La fête du cochon, de Leif GW Persson
La mode du polar nordique persistant, les éditions Rivages sont allées chercher quelques chevaux pour leur écurie. Bien entendu, quand on a déjà Sjöwall et Wahlöö dans la boutique, il convient de trouver autre chose qu’une rossinante si l’on veut pouvoir faire bonne figure au milieu d’une offre pléthorique.
C’est donc sur Leif GW Persson que Rivages a mis la main en éditant en 2009 Comme dans un rêve, enquête autour de l’assassinat d’Olof Palme (que nous n’avons pas encore eu l’occasion de lire). Depuis l’an dernier, l’éditeur s’est lancé dans la publication des premiers romans de Persson parus entre la fin des années 1970 et le début des années 1980.

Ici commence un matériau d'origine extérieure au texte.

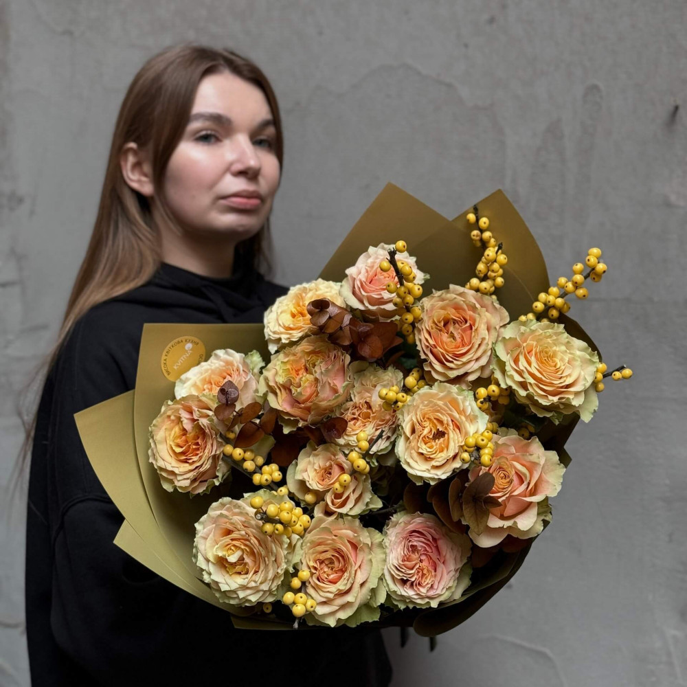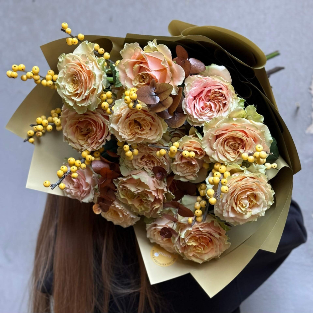 - Як замовити Теплий букет з піоновидною трояндою Caramel Macchiato «Карамельна насолода»? ❯

La fête du cochon (1978) est donc le premier roman de Persson. Roman étrange et par bien des côtés déstabilisant à propos d’une enquête portant sur le braquage d’un bureau de poste à Stockholm. Déstabilisant parce que, sous l’apparence d’un classique roman de procédure suivant quasiment au jour le jour une enquête, ses fausses pistes, ses impasses, sa routine, Persson cherche à peindre en creux un portrait peu amène de la société suédoise et de ses services de sécurité et, du coup, nous livre un objet étrange qui ne ressemble finalement, pour peu que l’on creuse, ni a un procedural, ni a un roman noir, et projette le lecteur dans une espèce d’entre-deux parfois inconfortable.
D’autant plus que Persson se plaît aux retours en arrière inattendus ou aux digressions dont on peine parfois à saisir immédiatement l’intérêt (qui nous sautera aux yeux quelques chapitres plus loin… ou pas) et, surtout, toujours avec cette propension à l’entre-deux, à laisser le lecteur dans l’expectative quant à la réalité de ce qu’il lit. Car Leif GW Persson est un criminologue qui sait de quoi il parle et qui n’hésite pas à citer ses propres articles et essais dans les citations qui ouvrent les chapitres.

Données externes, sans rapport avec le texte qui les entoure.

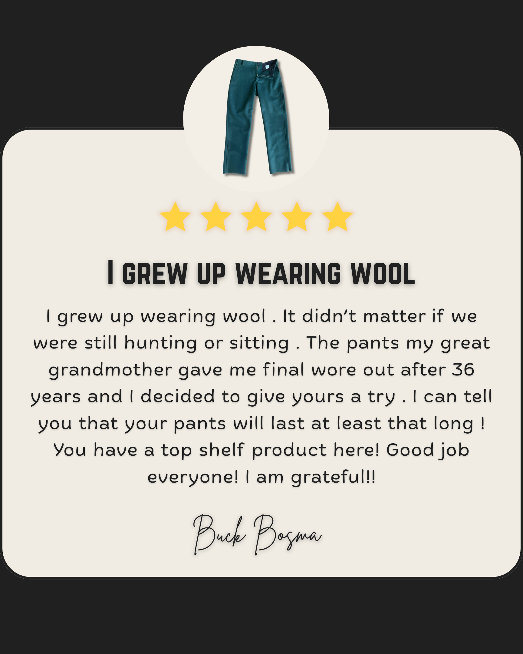 Wool is naturally tough and abrasion resistant. It doesn’t melt from sparks, snag like ultralight synthetics, or get shiny with wear. Many customers are still hunting in pieces they bought decades ago.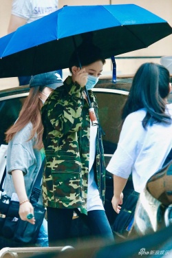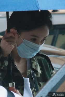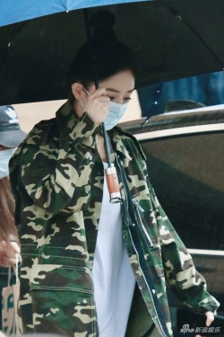 >组图:杨幂穿迷彩外套在京开拍新戏 妆容精致侧颜迷人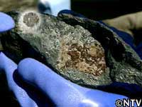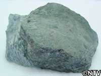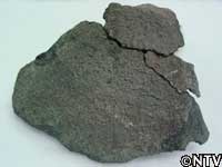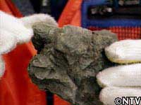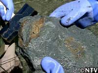 Žwœi‚P‚Xj •1.6‚ƒ‚@’·‚³2.2‚ƒ‚ ‹´–{‘àˆõ‚ª‘æˆêƒv[ƒ‹‰º—¬‚©‚甌@‚³‚ꂽ‚Q‚O‚ƒ‚‚قǂ̊DF‚ÌŠâ”Õ‚ð‚P‚‹‚‡ƒnƒ“ƒ}[‚ÅŠ„‚Á‚½‚Æ‚«‚ÉAŠâ”Õ‚Ì’†‚É–„‚Ü‚Á‚½Œ`‚Å”Œ©B |

La fête du cochon vaut cependant le détour. Qui saura passer outre cette déstabilisante construction trouvera en effet dans ce roman un portrait au vitriol d’une société souvent raciste – à l’égard des étrangers mais aussi des ruraux – où le fait d’entrer dans la norme revêt une importance peut-être plus grande qu’ailleurs, aux services de police partagés entre incompétence et corruption et où la tentation totalitaire n’est jamais bien loin. Une société perturbée par la montée de la violence et qui peine à la comprendre et à la juguler.
Par ailleurs, Persson place au milieu de ce jeu de quille un personnage qui dévie de la norme. Lars Johansson cumule en effet les tares : issu d’une famille de paysans incultes, divorcé d’une femme qui l’a quitté pour un de ses supérieurs dans la police et, qui plus est, secrètement communiste. S’il reste effacé – bien qu’à travers son regard, Persson joue d’un humour cynique particulièrement fin à l’égard de la police en particulier et de la société suédoise en général – Johansson laisse présager du fait qu’il deviendra un personnage particulièrement intéressant à voir évoluer dans les romans suivants dont l’éditeur nous dit qu’il en sera un personnage récurent.

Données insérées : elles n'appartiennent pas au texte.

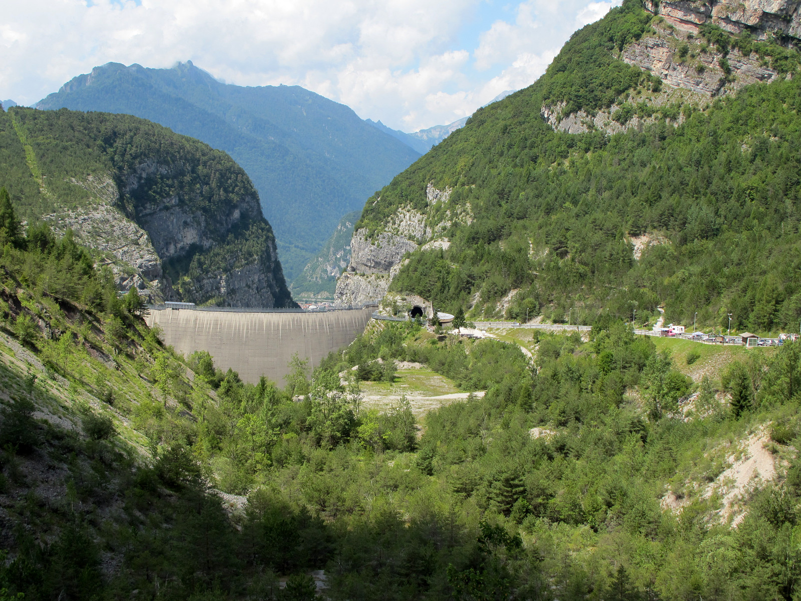 Links der Bildmitte ist die nahezu unbeschädigte Vajont-Staumauer zu sehen, rechts daneben der Tunnelausgang, noch weiter rechts ein Parkplatz mit diversen Informationen über die Szenerie. Die ansteigende Bergflanke links im Bild ist Teil des abgerutschten Materials.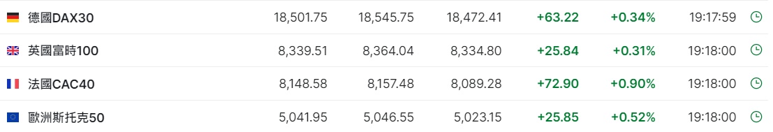 2. 截至发稿,德国DAX指数涨0.34%,英国富时100指数涨0.31%,法国CAC40指数涨0.90%,欧洲斯托克50指数涨0.52%。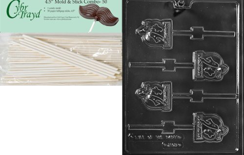 Cybrtrayd 45St50-J109 No. 1 Teacher on Apple Lolly Jobs Chocolate Candy Mold with 50 Lollipop Sticks, 4.5-Inch

Atypique et déroutant, pas dénué de défauts mais aussi bien pourvu en qualités, La fête du cochon est une entrée un peu ardue dans le monde de Persson mais qui se révèle convaincante sur la longueur et donne à espérer d’une suite des plus intéressantes. Reste à savoir si, justement, cette suite viendra confirmer ce constat.
Leif GW Persson, La fête du cochon (Grisfesten, 1978), Rivages/Thriller, 2011. Traduit par Esther Sermage.